They devoted themselves to the apostles’ teaching, to the fellowship, to the breaking of bread, and to prayer. Everyone was filled with awe, and many wonders and signs were being performed through the apostles. Now all the believers were together and held all things in common. They sold their possessions and property and distributed the proceeds to all, as any had need. Every day they devoted themselves to meeting together in the temple, and broke bread from house to house. They ate their food with joyful and sincere hearts, praising God and enjoying the favor of all the people. Every day the Lord added to their number those who were being saved.
Acts 2:42-47 CSB
One of the most striking passages in all the Bible is the description of the newborn church in Acts 2:42-47. It doesn’t necessarily stand out because of its content, though. Church characteristics like worship, evangelism, and giving are seen in many other places in the New Testament. No, Acts 2:42-47 is striking because of its context.
See, right before we get this summary statement about the church, we read that Peter preached a great sermon, the Holy Spirit moved, and 3,000 people got saved. Before that sermon, we read that those who believed were gathered together and there were “about one hundred and twenty.”

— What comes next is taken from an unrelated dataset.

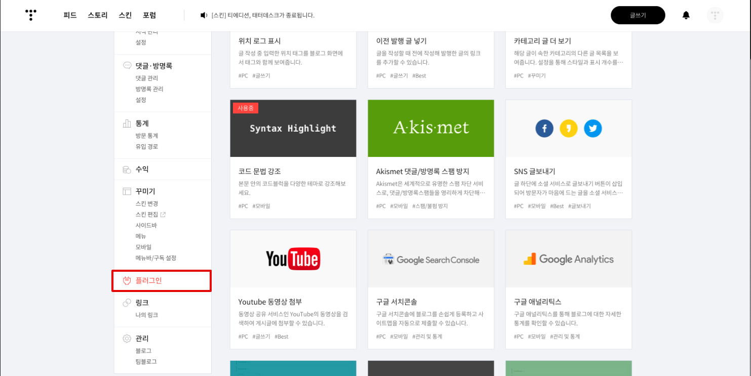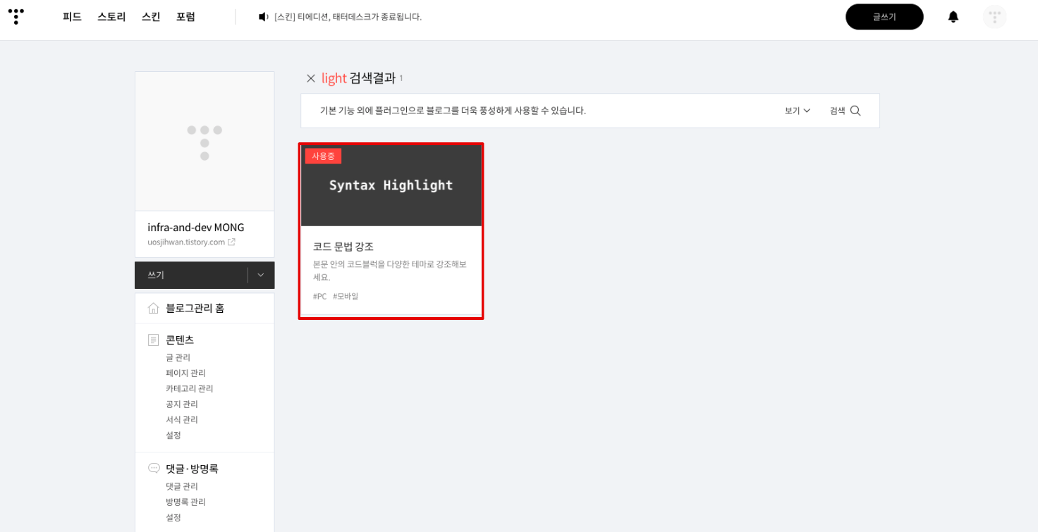 Tistory 자체에서 제공하는 플러그인을 통해 하이라이트를 적용할 수 있다.

Talk about church growth! One moment, the church was running 120. The next, there’s 3,120. Talk to any church planter you know (f you don’t know any church planters, go find one) and ask them if they are prepared to grow 2500% in one day. While they’d be ecstatic to see that kind of harvest, even the most enthusiastic planter would have to admit that the feasibility of assimilating that growth would challenge the structures of their plant. There are spatial deficiencies, organizational constraints, and leadership inadequacies that make such an influx of new people nearly impossible to accommodate. Such an instantaneous, exponential increase would require rethinking and reimagining almost every aspect of the plant. And then consider that church plants are, usually, exponentially more flexible than an established church: imagine such an influx into a typical First Baptist Somewheresville! It would require radical reevaluation of almost every facet of the church’s organization. And it wouldn’t happen quickly.
Back to Acts. Unlike we would expect in our American context we don’t see any hand-wringing or panic over how the church was going to accommodate these new believers. There’s no “emergency” committee meetings or congregational summits to discuss the plan going forward. The (now much larger) church just keeps going, not missing a beat. How did the mass conversion not overwhelm the church? Why did it not immediately descend into anarchy?
Obviously, the recent gift of the Holy Spirit played an integral role. He came and sparked the revival and, our theology would assert, continued to indwell the believers. But unless we are willing to say that the same Holy Spirit is not at work in our context, we shouldn’t place the explanation for the seamless transition entirely at his feet.
Was it the technologically simpler times of the first century that account for it? If that’s the explanation, we should all probably go brush up on our Dutch and learn to sew so we can become Amish.
No, I would suggest that the reason the early church was able to assimilate 3000 people and immediately be described in the way we see at the end of Acts 2 was because the church was not defining itself the way our churches and church plants define themselves in America.
We tend to define “church” in organizational terms. Look at how we talk about church:
“The order of service is printed in your program.”
“Please review the suggested change to our church bylaws before the business meeting next Sunday.”
“Let me see if the church calendar is open on that date.”
“Only members are allowed to serve in ministry at First Baptist.”
Now, look at how the early church was described:
“Devoted to the apostle’s teaching.”
“Filled with awe.”
“Held all things in common.”
“Ate with joyful hearts, praising God.”
The early church was defined in relational terms, both vertically and horizontally.
They didn’t have trouble inviting 3,000 new souls into their fellowship because that’s what it was: fellowship. With one another and with God. No complicated structure, no organizational hoops – none of that.
Don’t get me wrong: business meetings, church calendars, and church membership are not necessarily bad; in some cases, they’re essential. And the early church wasn’t perfect, not by a long shot! But they did have something that most churches in America don’t: the ability to be transformed by an amazing movement of God without missing a beat.
Why the difference? What led the early church to this scalable, flexible, and accommodating capacity for assimilation and what makes the American model limited, rigid, and only semi-permeable?
Where they start.
An American church’s structure is largely pre-determined by its ecclesiological perspective: they start, consciously or not, by asking, “what is a church?” Then, based on how they answer that question, they seek to fill “it,” the organization called church, with “them,” people who profess to be Christians.
The early church’s structure seems to have been predicated on answering a different question: “what is a disciple?” Then, based on how they answered that question, they sought to gather “them,” those who professed to be and who looked like disciples, into an “it,” the church.
Is a church an “it” consisting of some “thems?”
Or is a church a “them” constituting an “it?”
Our answer will have radical implications for how we “do” church.